Limiting access to a tenant for higher-level administrators


This procedure is not applicable to unit tenants.

  1. Authenticate to the cloud platform via the Python shell.

    The following variables should be available now:

    >>> base_url  # the base URL of the API
    >>> auth  # the 'Authorization' header value with the access token
    {'Authorization': 'Bearer eyJ0eXAiOiJKV1QiLCJhbGciOiJSUzI1NiIsImtpZCI6ImMwMD...'}
    >>> tenant_id  # the UUID of the tenant to which the token provides access
  2. Assign either of the following values to the tenant_id variable – the UUID of a sub-tenant created via the API or a sub-tenant found by its name:

    >>> tenant_id = created_tenant_id
    >>> tenant_id
  3. Obtain the number of the latest tenant revision. You will have to specify this number in a subsequent request to the tenant. This is required to manage concurrent tenant modifications.

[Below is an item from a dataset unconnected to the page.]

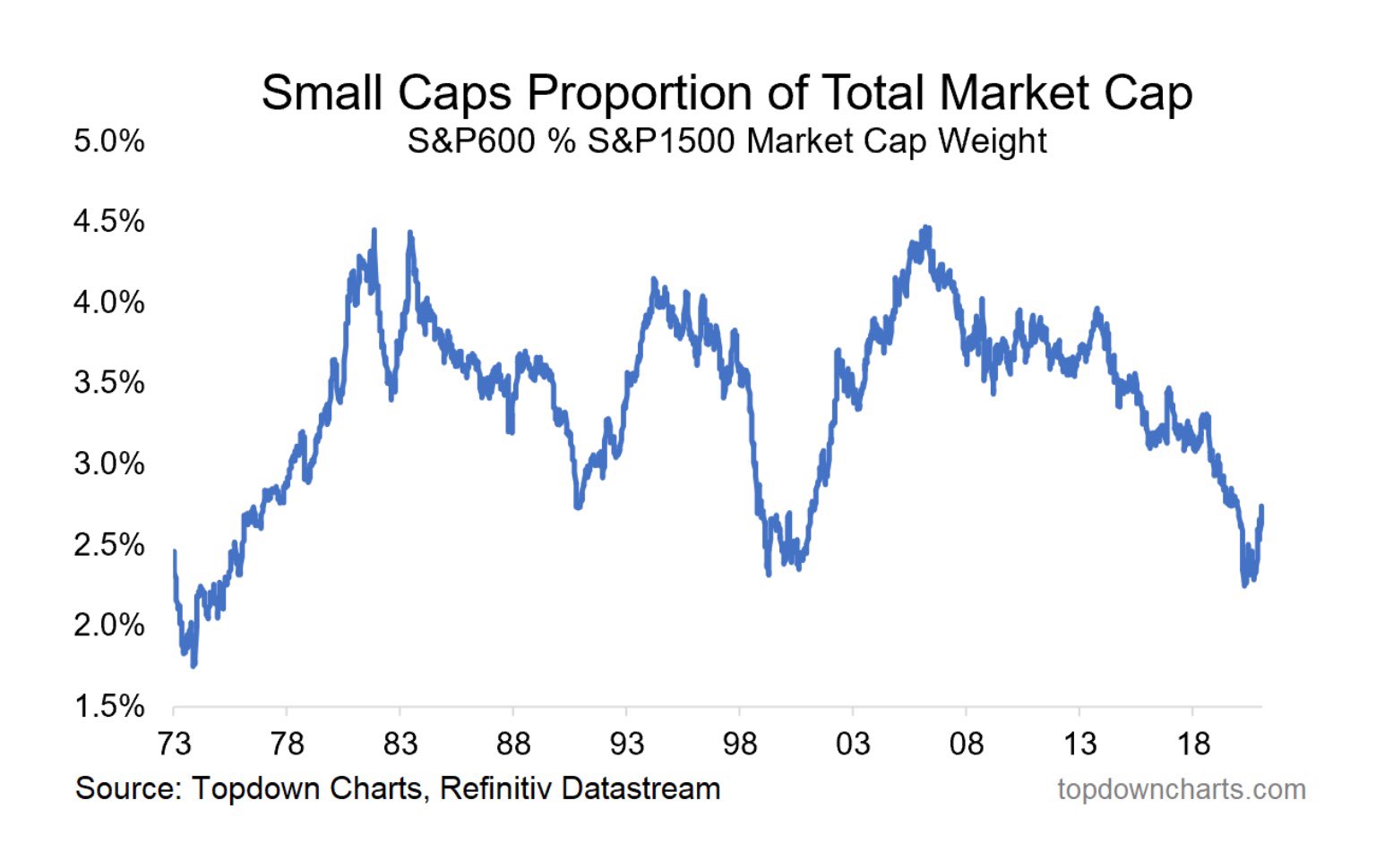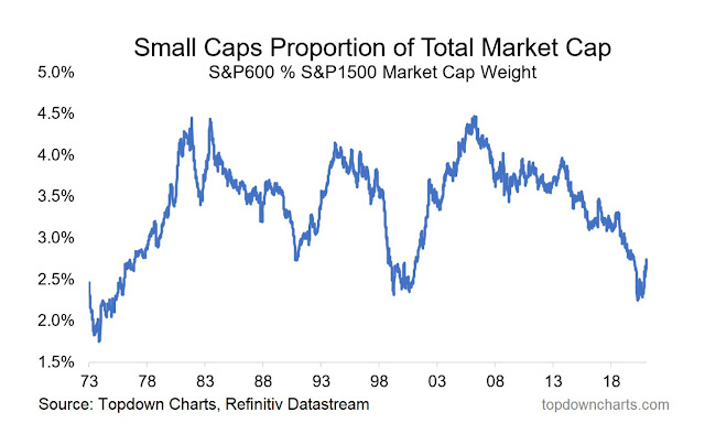 Arguably, the small-cap bull is just getting started. Callum Thomas at Topdown Charts highlighted the weight of the small-cap S&P 600 in the S&P 1500. S&P 600 weight recently made a relative bottom, but it has a long way to go before it even normalizes.

    1. Fetch the tenant information as described in steps 3-5 of “Fetching information about an individual tenant”. As the result, you should have a tenant variable with the tenant object.

    2. Define a variable named tenant_version, and then assign the value of the version key from the tenant object to this variable:

      >>> tenant_version = tenant['version']
      >>> tenant_version
  4. Define a variable named tenant_update, and then assign the following object to this variable:

    >>> tenant_update = {
    ...     'ancestral_access': False,
    ...     'version': tenant_version,  # this key is required
    ... }
  5. Convert the tenant_update object to a JSON text:

    >>> tenant_update = json.dumps(tenant_update, indent=4)
    >>> print(tenant_update)
        "ancestral_access": false,
        "version": 3
  6. Send a PUT request with the JSON text to the /tenants/{tenant_id} endpoint:

    >>> response = requests.put(
    ...     f'{base_url}/tenants/{tenant_id}',
    ...     headers={'Content-Type': 'application/json', **auth},
    ...     data=tenant_update,
    ... )
  7. Check the status code of the response:

    >>> response.status_code

    Status code 200 means that the platform has limited access to the tenant for higher-level administrators. These administrators can only modify the tenant properties. They do not have access to the user accounts and child tenants at all.

    A different status code means that an error has occurred. For the details, refer to “Status and error codes”.